Yaptığım her şeye emek verdim fakat “ben bunu her şeyiyle tam yapayım” demedim. En sevdiğim, kendimi en doğru ifade ettiğim uğraş olan “yazma eylemi” bile işte bu kadar! Yani dolu dolu kitaplar yazayım gibi bir gayretim olmadı hiç. Blogumda bile tek bir konu üzerine yoğunlaşıp yazılar yazmak istesem de yapamadım, bir parça sanat, bir parça edebiyat, bir parça günlük… Tıpkı şuan yaptığım iş gibi, biraz reklam, biraz pazarlama, biraz proje yönetimi… Tıpkı yaşadığım hayat gibi; her şeyden biraz biraz!

İsviçre Çakısı

Zaman içinde onları sentezlemeye çalıştım, mesela tiyatroyu edebiyatla birleştirsem dedim,  birkaç oyun yazmaya çalıştım, yaratıcıydı ama öylece kaldı. Sonucunu boş verin, hissettirdiği duygu çok güzeldi. Zaten bakın, farklı disiplinlerden yararlanılarak yapılan işlerden yaratıcı ve güzel şeyler doğuyor. Yani tek bir alana bağlı kalınca ve onu çok iyi yapacağım diye uğraşılınca o alanda yaratıcı işlerin çıkması pek mümkün olmuyor. Çünkü tekniğini, derinliğini ve kurallarını çok iyi bilirseniz yaptığınız işin, kendinizi ister istemez sınırlarsınız.

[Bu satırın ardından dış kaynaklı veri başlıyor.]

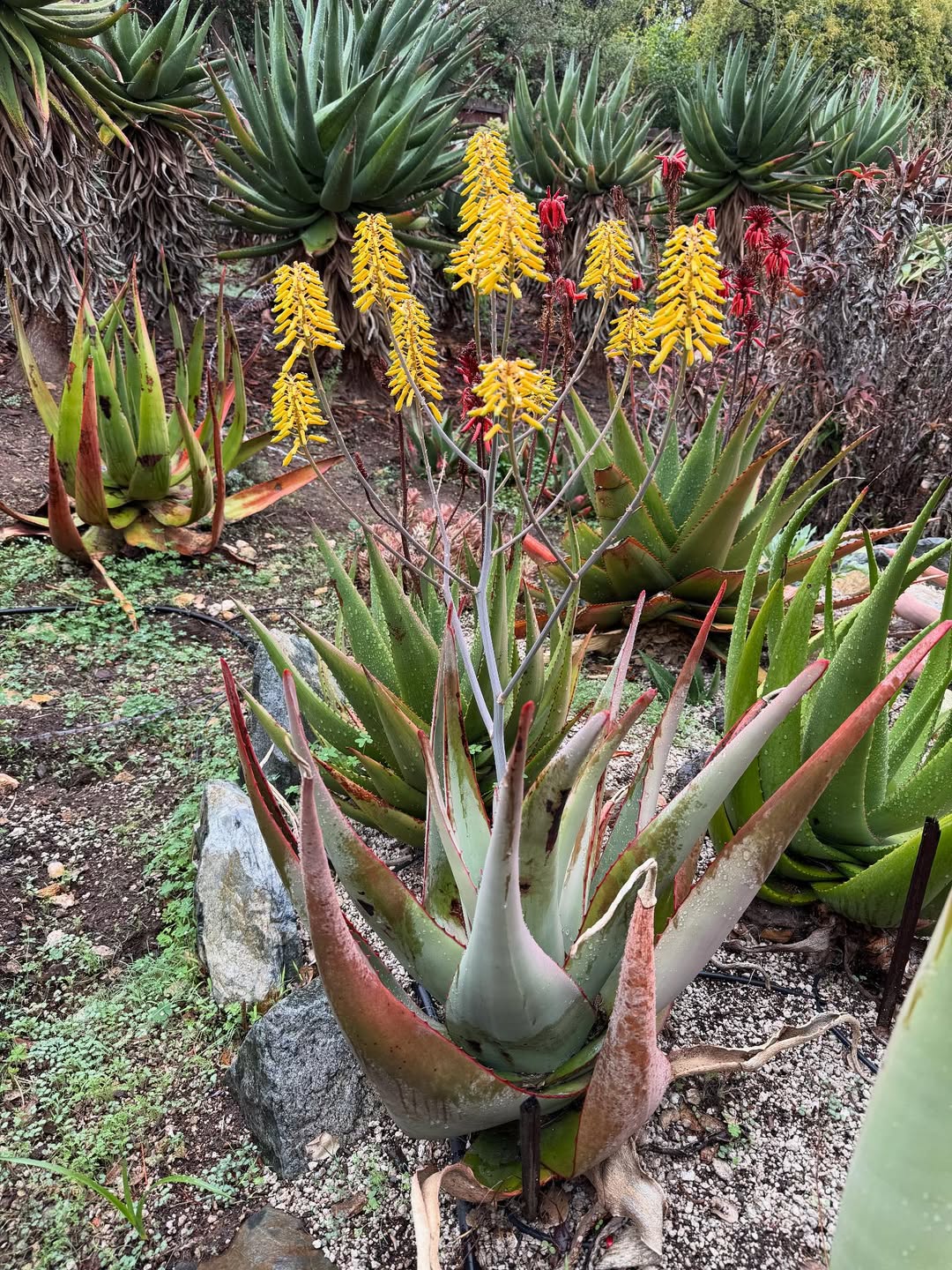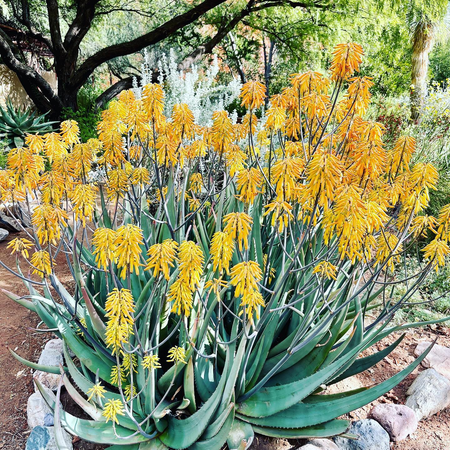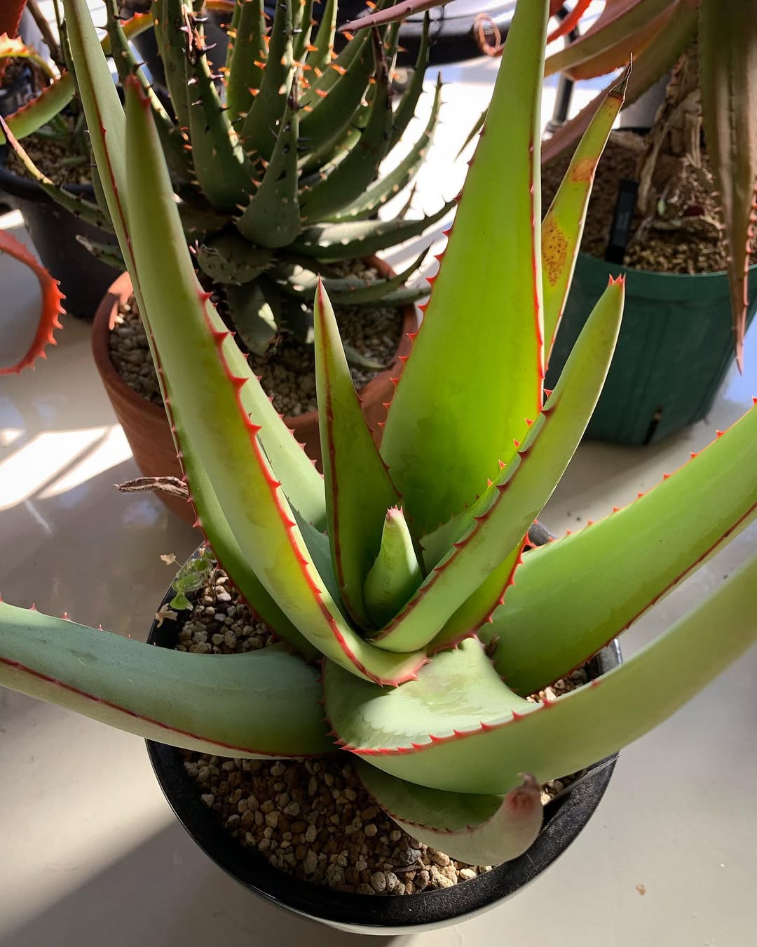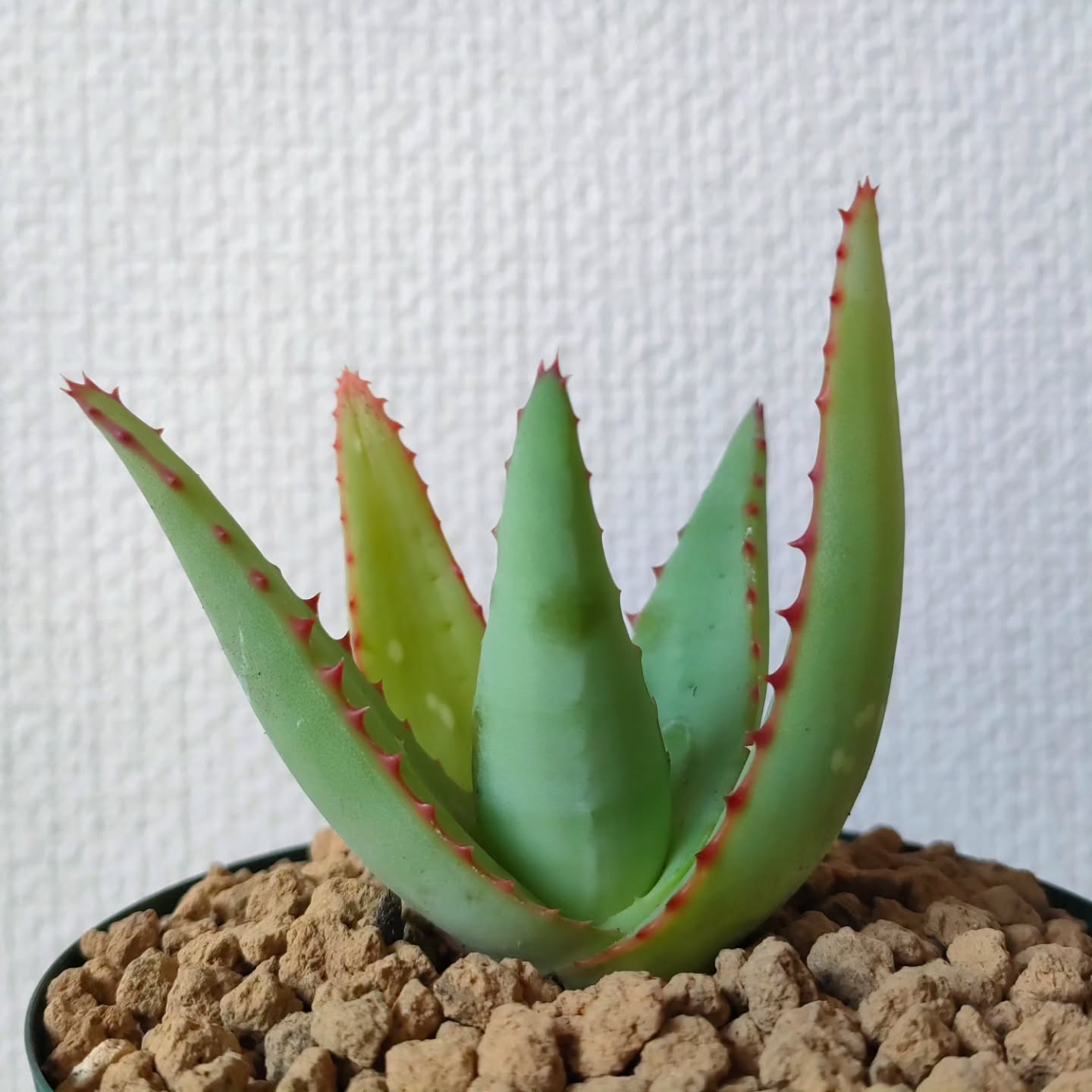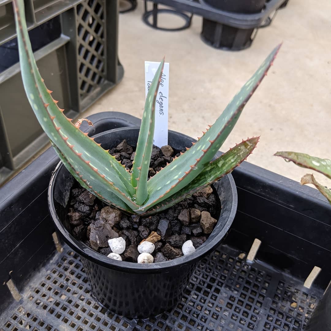 Aloe elegans通常为无茎或极短茎的物种,形成开放的莲座状叶丛,直径可达30-60厘米。叶片呈灰绿色至蓝绿色,形状为披针形(lance-shaped),长度约30-60厘米(1-2英尺),宽度3-6厘米,表面光滑或略带蜡质纹理,偶尔有浅斑点,边缘有红色齿状突起(reddish teeth),尤其在干旱胁迫或充足阳光下更明显;叶片肉质厚实,用于储存水分,叶色在压力下可转为红褐色(reddish brown)。花序为分枝的总状花序(2-4个分支),从叶丛中心伸出,高约50-80厘米,花梗直立。花朵呈管状或锥形簇生(conical heads),颜色从浅黄色、橙色到红色(pale yellow to orange-red),管状花冠长约2-4厘米,在冬季和早春开放(南半球为12-3月,北半球视气候调整)。花期后形成干燥的种子荚,种子多边形,传播依赖风或动物。植株整体生长缓慢,成年植株高度18-24英寸(约45-60厘米),可能产生侧芽,形成小群落。变异性高,包括花色从黄色到橙红,叶色从灰绿到蓝绿,取决于环境条件。特定栽培品种如Aloe elegans ‘Yellow’以浅黄色花为主,’Orange’为橙色花。

Sizin de öyle olur mu bilmiyorum ama benim yeni tanıştığım kişilerle kurduğum iletişimin üçüncü beşinci cümlesinde illaki ortak bir özelliğim çıkar. Çok şehirli, çok hobili, çok kariyerli olmamın getirisi bu sanırım. Çok kariyerli derken yüksek kariyerden bahsetmediğimi anlamışsınızdır herhalde. İş yaşamım başladığından beri çalıştığım farklı sektörlerden ve farklı pozisyonlardan bahsediyorum. Bu olgu iş dünyasında şu an işverenlerinin en çok önemsediği kriterlerin başında geliyor; fonksiyonellik, çok yönlü olmak. Rakiplerin güçlü olduğu günümüz iş dünyasında kendini farklı alanlarda geliştirmiş, özel becerileri olan insanlar bir adım öne çıkıyor. Fakat çok yönlü olmak zaman zaman yorar insanı, birçok şeyi eş zamanlı yapmak, eşzamanlı düşünmek zordur. Bu nedenle hata yapma olasılığınız da artar. Ama hata yapmak iyidir, kısa yoldan tecrübe edinmenize ve doğru yola ulaşmanızı sağlar. Önemli olan üretip, çekinmeden paylaşmak, doğrusuyla yanlışıyla ve bunların hepsinden keyif almak… Ama gerçekten tüm bu söylediklerim size doğru gelmiyor ve ben tek bir alanda uzmanlaşacağım diyorsanız şunu aklınızdan çıkarmayın: Yaptığınız her neyse çok çalışın ve en farklısını yapın! Çünkü asıl uzmanlık, fark yaratmaktır. Ve fark yaratmak farklı şeyleri tanımaktan, bilmekten geçer.